Once ratified by its members, in accordance with their respective constitutional requirements, UNASUR will begin to take formal, operational shape. It will have three councils – at the level of presidents, foreign ministers and delegates – and a secretariat in Quito, Ecuador. Heads will meet annually (yes, more summits!) and foreign ministers every six months. Sectoral ministerial meetings will also be held as determined by the presidents. Former Ecuadorian President Rodrigo Borja has reportedly been nominated for the position of Secretary General and Chile’s President Michelle Bachelet will be the first to hold the rotating presidency of UNASUR.
UNASUR is the result of the vision of Brazilian President Lula da Silva, going back to the First Summit of South American leaders which he hosted in Brasilia in August 2000. It has emerged after progressing through successive summits aimed at deepening regional cooperation and integration, most notably through the initiative for the Integration of the Regional Infrastructure in South America (IISRA), established by the Second South American Summit in Guayaquil, Ecuador, in July 2002 and then through the promulgation of a South American Community of Nations, launched at the Third Summit, in Cuzco, Peru, in December 2004.

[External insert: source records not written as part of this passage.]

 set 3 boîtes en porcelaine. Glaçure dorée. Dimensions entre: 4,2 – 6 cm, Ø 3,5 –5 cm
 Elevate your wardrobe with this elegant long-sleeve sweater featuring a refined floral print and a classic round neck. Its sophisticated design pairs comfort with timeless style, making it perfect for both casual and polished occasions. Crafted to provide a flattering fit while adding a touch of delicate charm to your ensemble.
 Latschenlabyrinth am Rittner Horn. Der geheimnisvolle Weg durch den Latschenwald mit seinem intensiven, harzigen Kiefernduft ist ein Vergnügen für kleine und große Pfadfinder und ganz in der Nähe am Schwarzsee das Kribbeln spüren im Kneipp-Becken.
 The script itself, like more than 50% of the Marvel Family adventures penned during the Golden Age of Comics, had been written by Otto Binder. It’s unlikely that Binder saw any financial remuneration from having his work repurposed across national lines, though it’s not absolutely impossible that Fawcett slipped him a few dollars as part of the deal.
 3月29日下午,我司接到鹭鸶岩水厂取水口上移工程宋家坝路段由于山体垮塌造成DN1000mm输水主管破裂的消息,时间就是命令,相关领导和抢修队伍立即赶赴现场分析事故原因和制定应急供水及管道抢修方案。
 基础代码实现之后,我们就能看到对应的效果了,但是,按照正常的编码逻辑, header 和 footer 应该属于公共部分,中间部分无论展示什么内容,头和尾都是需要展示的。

President Jagdeo has been a regular attendee at these South American summits and had signalled his early commitment to Lula’s project, built around the two main integration groupings in South America, the Southern Common Market (MERCOSUR – Argentina, Brazil, Paraguay, Uruguay and Venezuela) and the Andean Community of Nations (Bolivia, Colombia, Ecuador and Peru).

The eventual outcome could well be the creation of a South American version of the European Union, but these are still early days for the long-standing and ambitious Latin American dream of continental unity.

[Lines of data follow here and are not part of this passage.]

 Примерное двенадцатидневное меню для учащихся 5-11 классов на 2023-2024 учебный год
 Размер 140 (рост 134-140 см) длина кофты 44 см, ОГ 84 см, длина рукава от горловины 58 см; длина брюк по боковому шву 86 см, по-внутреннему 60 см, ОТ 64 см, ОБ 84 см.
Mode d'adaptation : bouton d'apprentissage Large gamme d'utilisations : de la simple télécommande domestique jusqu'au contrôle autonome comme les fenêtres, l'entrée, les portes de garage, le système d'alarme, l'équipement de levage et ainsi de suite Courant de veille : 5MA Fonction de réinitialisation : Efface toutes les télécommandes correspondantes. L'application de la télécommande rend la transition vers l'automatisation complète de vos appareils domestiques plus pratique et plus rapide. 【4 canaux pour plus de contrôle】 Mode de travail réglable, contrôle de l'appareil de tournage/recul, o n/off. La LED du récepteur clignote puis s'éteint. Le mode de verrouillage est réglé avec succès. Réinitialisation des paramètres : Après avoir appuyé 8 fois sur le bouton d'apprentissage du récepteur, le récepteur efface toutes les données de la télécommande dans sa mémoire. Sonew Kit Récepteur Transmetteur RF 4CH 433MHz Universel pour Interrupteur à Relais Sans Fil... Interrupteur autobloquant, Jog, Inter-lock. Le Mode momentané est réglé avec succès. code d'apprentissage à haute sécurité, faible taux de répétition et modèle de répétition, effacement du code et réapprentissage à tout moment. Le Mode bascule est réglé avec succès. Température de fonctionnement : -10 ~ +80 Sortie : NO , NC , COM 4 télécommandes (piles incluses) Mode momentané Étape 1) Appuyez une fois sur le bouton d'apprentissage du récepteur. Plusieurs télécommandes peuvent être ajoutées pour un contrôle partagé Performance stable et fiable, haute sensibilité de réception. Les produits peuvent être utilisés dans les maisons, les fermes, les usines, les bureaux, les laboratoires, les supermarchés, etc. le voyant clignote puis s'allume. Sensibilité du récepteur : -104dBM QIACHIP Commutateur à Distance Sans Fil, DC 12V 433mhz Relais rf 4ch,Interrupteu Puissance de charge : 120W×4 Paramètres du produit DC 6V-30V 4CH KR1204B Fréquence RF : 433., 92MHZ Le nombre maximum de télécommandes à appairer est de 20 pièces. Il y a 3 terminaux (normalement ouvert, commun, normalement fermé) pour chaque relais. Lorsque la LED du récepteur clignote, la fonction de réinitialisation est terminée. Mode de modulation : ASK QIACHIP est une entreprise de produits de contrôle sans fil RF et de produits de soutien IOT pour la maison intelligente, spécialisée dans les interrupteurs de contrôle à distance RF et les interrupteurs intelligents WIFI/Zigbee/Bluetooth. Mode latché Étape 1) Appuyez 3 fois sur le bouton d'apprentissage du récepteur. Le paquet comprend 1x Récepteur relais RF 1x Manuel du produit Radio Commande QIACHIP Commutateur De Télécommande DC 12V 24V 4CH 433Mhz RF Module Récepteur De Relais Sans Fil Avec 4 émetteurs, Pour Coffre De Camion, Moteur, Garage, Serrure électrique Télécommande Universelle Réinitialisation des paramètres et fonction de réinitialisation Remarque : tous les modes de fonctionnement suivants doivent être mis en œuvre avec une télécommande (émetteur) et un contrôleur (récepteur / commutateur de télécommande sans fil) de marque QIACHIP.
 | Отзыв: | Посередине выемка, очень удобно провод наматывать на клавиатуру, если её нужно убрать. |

Apart from the power of Lula’s charisma, the economist in Mr Jagdeo would no doubt have been swayed by the numbers put forward by Lula, who sees the future growth of South America in terms of the creation of a vast internal continental market, based on some 360 million people, with a GDP of almost US$1 trillion and exports of goods and services worth US$180 billion.

Mr Jagdeo would in all likelihood have also been convinced of the benefits of integration with South America as evidenced in the literally concrete progress being made in the construction of the bridge over the Takutu. The IISRA also envisions an all-weather Lethem-Georgetown road, which could open up a huge market to the south. 

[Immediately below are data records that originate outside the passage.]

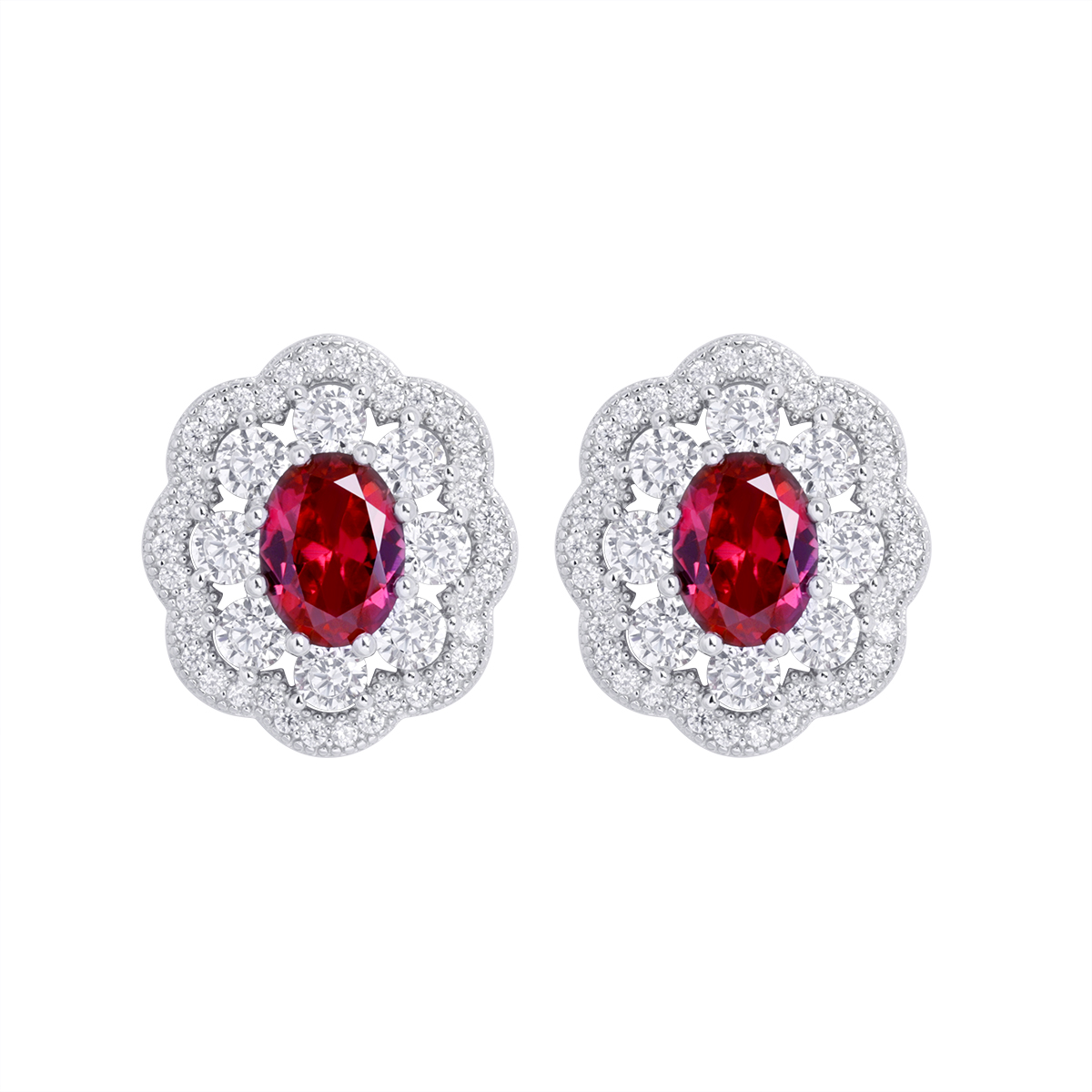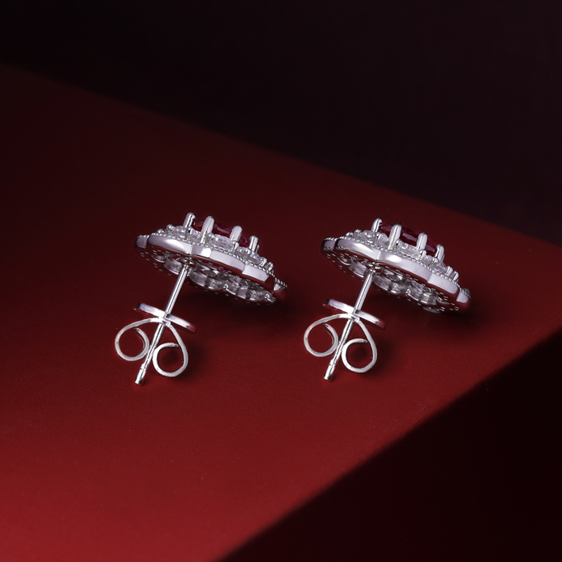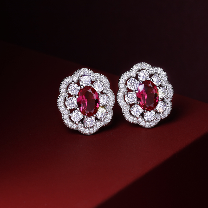 925 Sterling Silver Pigeon Blood Red Egg Shaped Earrings Retro Temperament
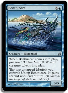 When Benthicore comes into play, put two 1/1 blue Merfolk Wizard creature tokens into play. Tap two untapped Merfolk you control: Untap Benthicore. It gains shroud until end of turn. (It can't be the target of spells or abilities.)
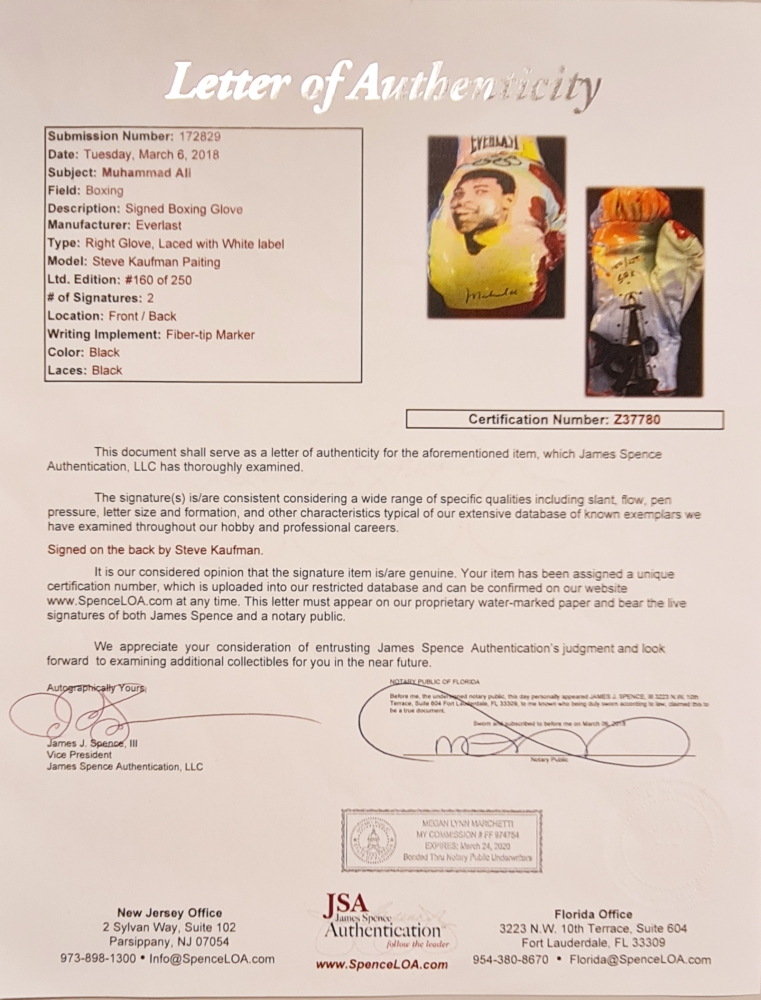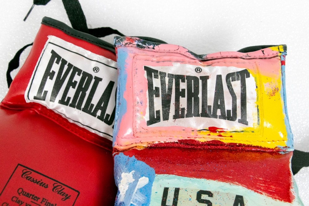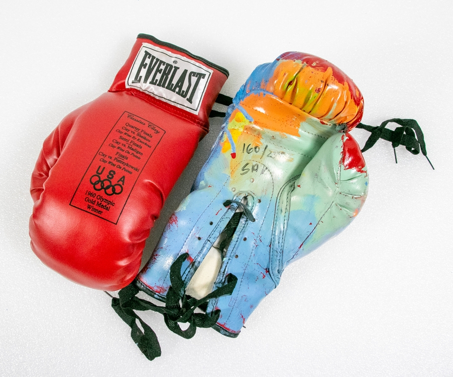 Ensemble de gants de boxe lancé à l'occasion de la victoire olympique de Muhammad Ali en 1960. Cet ensemble est encore plus spécial, car il est peint de manière unique par Steve Kaufman et sérigraphié à l'effigie de Muhammad Ali. De plus, tous les gants personnalisés sont également signés par Steve Kaufman (au dos "SAK") et par Muhammad Ali. Cette édition a été créée peu après 1960 et était limitée à 250 exemplaires réguliers et 250 exemplaires de luxe. Il s'agit d'un exemplaire de luxe. Voir aussi le site Web de Steve Kaufman. Le gant gauche répertorie les matchs et les victoires de Muhammad Ali, alias Cassius Clay lors des JO de 1960.
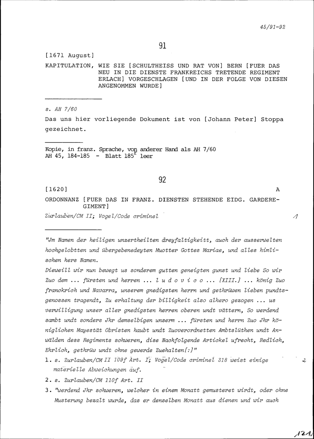 Ordonnanz für das in französischen Diensten stehende eidgenössische Garderegiment
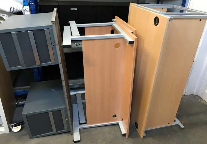 10 office desks in good condition. One is metal in poorer condition, more suitable for a workshop. Take as many or as few as you need. Collect in office hours Mon-Fri 9-5:30

Of course, there are those who view UNASUR as a thinly disguised strategy by Brazil to assert its hegemony in the region. Brazil is after all the largest economy in Latin America and borders all the other countries of South America except for Chile and Ecuador.

Then there is the Chávez factor. With the rise of the radical left in Latin America, fuelled by the Venezuelan President’s petro-dollars, Lula has portrayed himself as the moderate face of the left, playing a more statesmanlike role in rallying other regional leaders behind him.

Rather than seek confrontation with Mr Chávez though, Lula has engaged with him. Lula has supported the Venezuelan’s idea of the Bank of the South, launched in December 2007, with working capital of US$7 billion, of which Venezuela is contributing US$3 billion and Brazil US$2 billion, to finance regional development and combat poverty in the region. And Mr Chávez has supported the Brazilian proposal for a South American Defence Council, as a regional security mechanism for preserving territorial integrity and preventing foreign interventions.

Colombian President Alvaro Uribe has however blocked approval of the council for the moment, citing the threat of terrorism and the continued possibility of carrying out extra-territorial actions. A task force comprising representatives of the defence ministries of UNASUR will work on preparing a new proposal in three months’ time.

Both the Bank of the South and the Defence Council will be important components of the UNASUR project.

There is undoubtedly great potential for benefit for Guyana in terms of our physical integration and through development cooperation and trade with the rest of the continent. UNASUR could well help to unlock that potential and, in truth, we could not have afforded to be left out.

It is not clear however what Guyana’s financial obligations will be or just how a depleted foreign ministry will properly service and secure benefits from yet another regional process with the plethora of meetings and activities that are bound to ensue. Indeed, one wishes that the government could have engendered a broader, national debate, involving civil society and the private sector, on the pros and cons of signing on to UNASUR before the fact, rather than having it presented as a fait accompli, with little public awareness of the new treaty obligations and their implications for our national security and development.